By Dr. Ahmad Faruqui

CA

The 6th of September is observed as the Defense of Pakistan Day in Pakistan. According to the official history that has been taught to generations of Pakistani school children, on this day India launched an unprovoked attack on Lahore. The much smaller Pakistani armed forces successfully fought off a much bigger enemy and deserve to be recognized for their valor and courage.

While there is no question that the lower ranks of the Pakistani armed forces fought bravely in this war and there were several instances of brilliance and heroism in the middle ranks as well, the fact is that this war was brought on by the foolhardiness of the Pakistani high command. Much of the blame for the disaster that ensued rests on the shoulders of the military government headed by President Field Marshal Ayub Khan.

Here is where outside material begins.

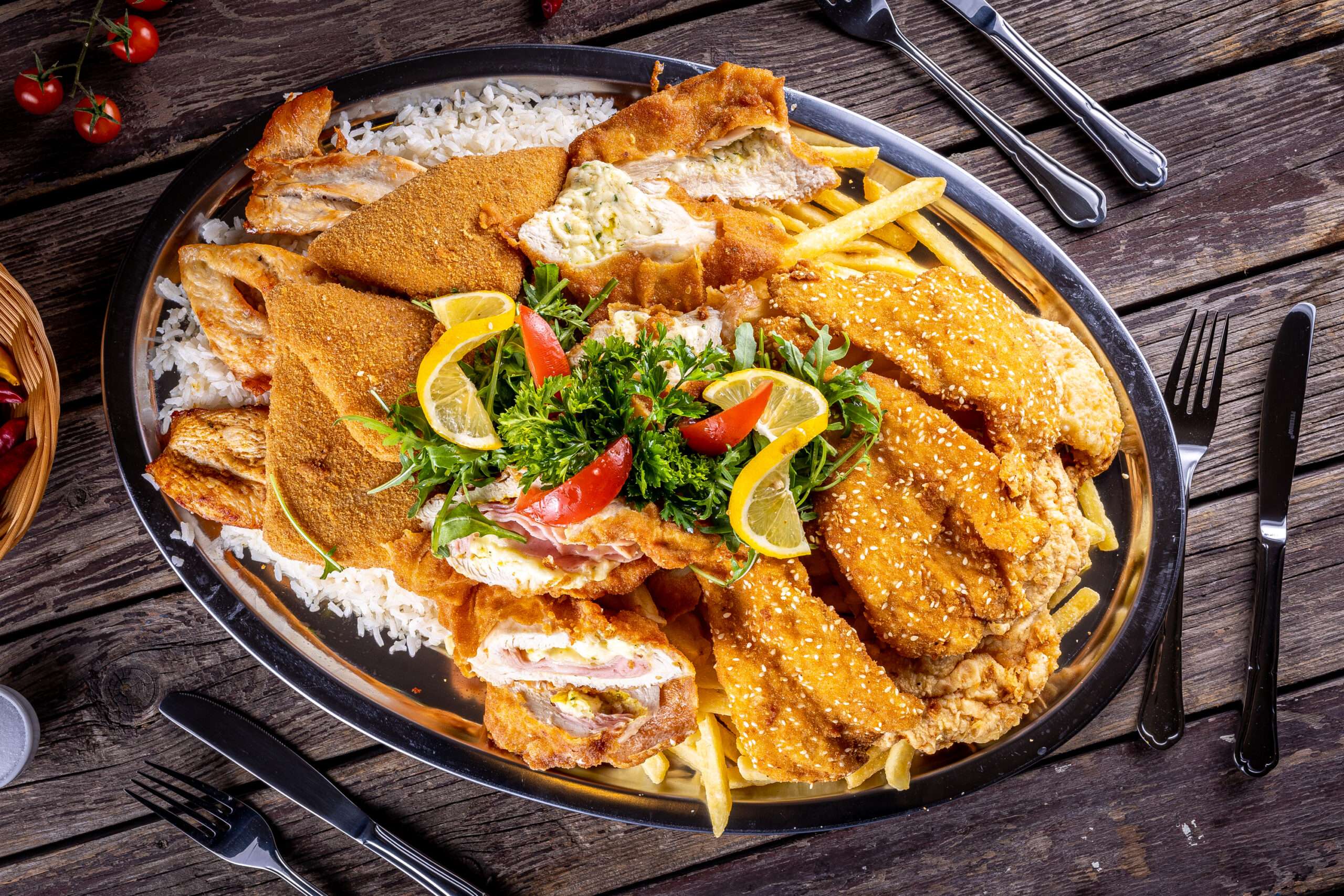 3 db grillezett csirkemellszelet, 3 párizsi szelet, 3 db szezámmagos szelet, 3 db rántott sajt, 1 db Cordon Bleu, 1 db kijevi csirkemell, 2 adag hasábburgonya, 2 adag rizs, savanyúság

Ayub in 1965 blundered into a general war with India, fully knowing that Pakistan was in no position to fight one. His top-secret order, sent on 29 August 1965 to the Commander-in-Chief of the Army, General Musa, was titled “Political Aim for Struggle in Kashmir.” It instructed the Pakistan Army:

To take such action that will defreeze Kashmir problem, weaken India’s resolve and bring her to a conference table without provoking a general war. However the element of escalation is always present in such struggles. So, whilst confining our action to the Kashmir area we must not be unmindful that India may in desperation involve us in a general war or violate Pakistan territory where we are weak.

In December 1964, New Delhi had absorbed Kashmir into the Indian Union. Sensing that the Indian military had begun a massive program of rearmament after its humiliation at the hands of the People’s Liberation Army in 1962, Pakistan’s Foreign Minister, Zulfiqar Ali Bhutto, convinced President Ayub that a “now or never” window of opportunity had opened up to reactivate the liberation struggle in Kashmir.

Ayub initially rejected Bhutto’s plan to infiltrate irregular fighters into Kashmir, fearing that it would place Pakistan’s survival at stake. However, after witnessing the Pakistan army’s successful performance in the Rann of Kutch in April, he changed his mind. While in New York for medical treatment toward the end of his life, he would confide to G. W. Choudhury that this was his worst presidential decision. However, in the summer of 1965, he talked about how “Hindu morale would not stand a couple of hard blows at the right time and place.”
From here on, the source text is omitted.